A day in the Life

Dr Sarah Redvers is one of team of Forensic Physicians who provide medical examinations to people who have experienced rape or sexual assault.

We asked Sarah to give us an insight into her role and what a typical day working at St Mary’s SARC might comprise.

“I currently work at St Mary’s Sexual Assault Referral Centre (SARC), working every Friday (9am-5pm), and one night a week on- call from home (7pm-8am), assessing men, women and children where there is an allegation of rape or sexual assault.

Most of St Mary’s cases are referred by Greater Manchester Police, but adults can self-refer if they don’t want to involve police at the time of the assault. Examinations usually take place at the SARC, but can occasionally be ‘off-site’ – for example nursing homes, hospitals, prisons – which makes for an adventure for the on-call team!

As well as providing forensic-medical examinations my duties include advising the police about appropriate forensic sampling, need for emergency contraception, STI prophylaxis and screening. I often get phone calls from A&E staff, GPs, nurses, or social workers in need of advice about a case they are dealing with.
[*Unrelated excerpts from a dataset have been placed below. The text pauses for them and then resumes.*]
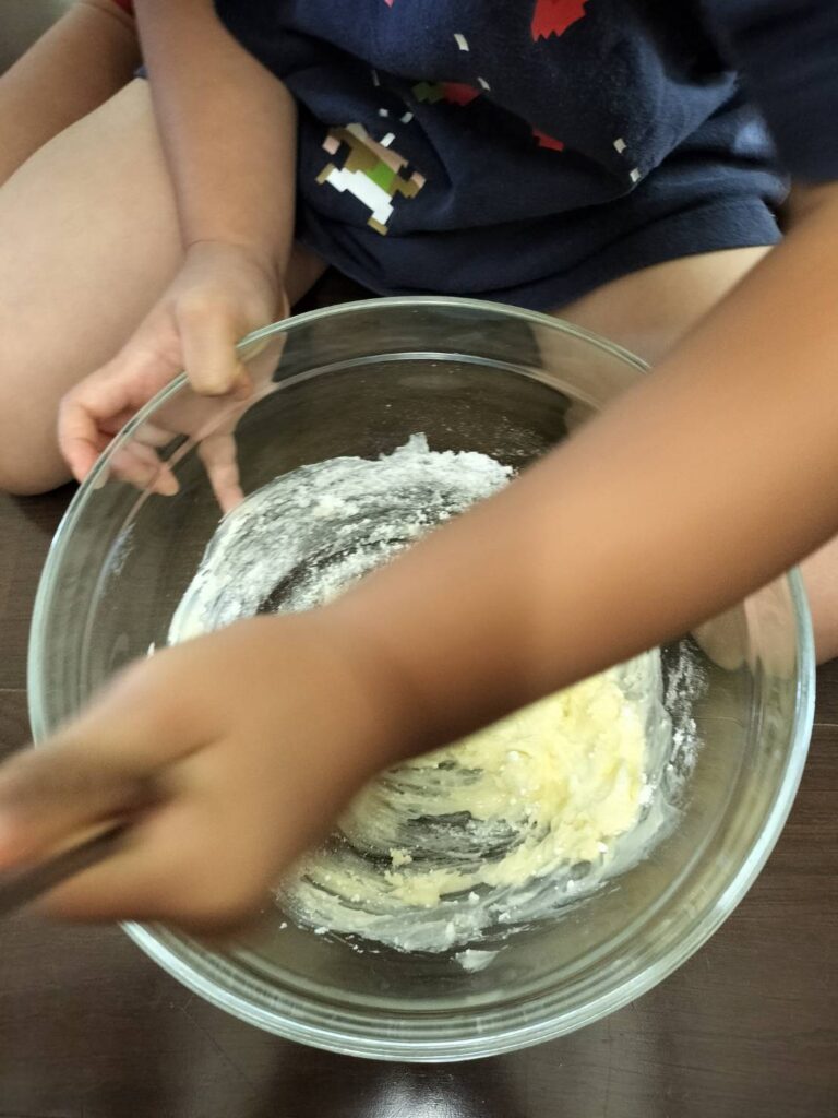 ある日、暇だったので次男のムムと一緒にスノーキューブクッキーを手作りしました🍪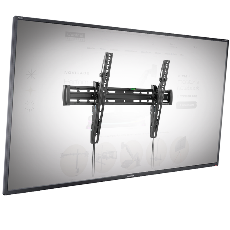 *** O ajuste de inclinação é feito sem o uso de chaves, basta posicionar a TV na inclinação desejada com as mãos e o suporte mantém ela. Também pode ser utilizado com a inclinação zerada, deixando a TV reta como um quadro na parede.
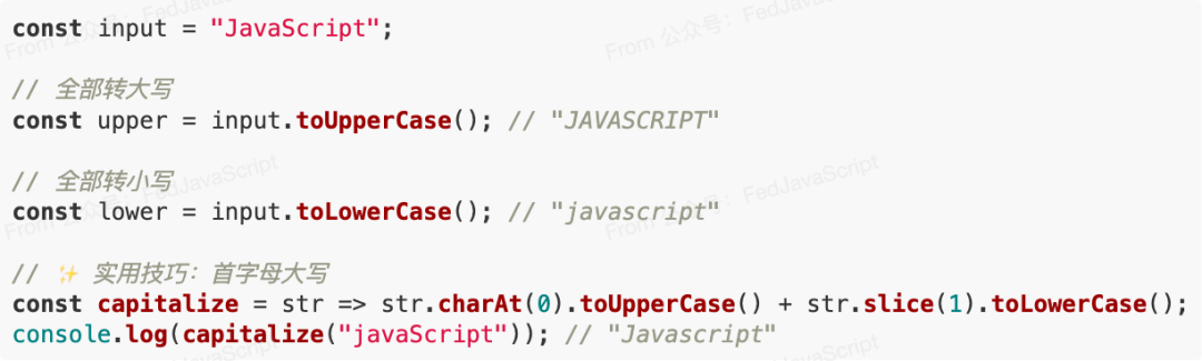 6. 快速轉(zhuǎn)換字符串大小寫處理用戶輸入或格式化顯示時(shí),經(jīng)常需要轉(zhuǎn)換大小寫:

Witness statements are required for some of the cases I’ve seen and, very occasionally, attendance at Crown Court to explain examination findings in simple terms to a lay jury.
I enjoy the monthly SARC Peer Review meetings, which usually feature some healthy discussion of any interesting or problem cases, and is a great opportunity to catch up socially with the rest of the team.

At the start of a typical evening on-call, I ring the Force Duty Officer to see if there are any cases pending, and as seems to be the rule these days, there are two cases waiting. Both are police cases so I take the details, decide which order they should be seen in, and arrange times to meet at the centre. A typical case takes 2-3 hours, and I start at 7pm.

The first case is a three-year-old girl, who returned from nursery with blood on her knickers yesterday, and wouldn’t let her mother wash her or look down below because it was too sore. The mother had contacted the GP who, after being unable to examine the child, referred the matter to the police and social services in view of the absence of a satisfactory explanation for the child’s presentation and concerns about possible sexual abuse. Despite a police investigation, no explanation was forthcoming, and I agreed an examination was required as soon as practicable.

At the SARC the crisis worker, the girl’s mother and I tried in vain to persuade our wilful three- year-old to be examined. So, once satisfied there were no child protection issues, the family returned home, and I liaised with the on-call surgical team arranging an examination under anaesthesia for the following morning. I handed the case over to my colleague who would be doing the hymenal examination and forensic swabbing in theatre.

The second case is a vulnerable 23-year-old woman who had stayed over after a friend’s house party the previous night, and woke to find an unknown male having vaginal sex with her. On arrival at the SARC, she was quiet and tearful.

With invaluable support from the crisis worker, the complainant felt able to allow me to do a top- to-toe bodily examination and a genital examination for documentation of injuries and collection of relevant swabs. She also gave a urine and blood sample (for toxicology), before showering and waiting for me to hand over the forensic evidence and summary of findings to the officer.

Noting her history of depression and self-inflicted injuries during the forensic medical, a mental state examination was useful in exploring her risk of harm before she left the centre. I get to spend much more time with one patient than I do in general practice, never rushed but always working at their pace.

I made mental health and G.U.M. follow-up arrangements, and checked there were no other cases in the pipeline before leaving the centre just after midnight.
On my drive home I reflected that the 23-year-old appeared much calmer and less tearful on leaving the SARC, than when she had arrived 3 hours earlier.

Whatever the outcome of the police investigation, enabling patients to regain autonomy and dignity at a time of crisis is important work that will affect how they recover from their ordeal.

I find working in this fascinating area of clinical forensic medicine very rewarding. With the formation of the Faculty of Forensic and Legal Medicine and the swiftly increasing number of SARCs nationally, sexual offences medicine is a blossoming specialty. Doctors from many different career paths are ideally placed to get involved . . . four years later, I’m still hooked.”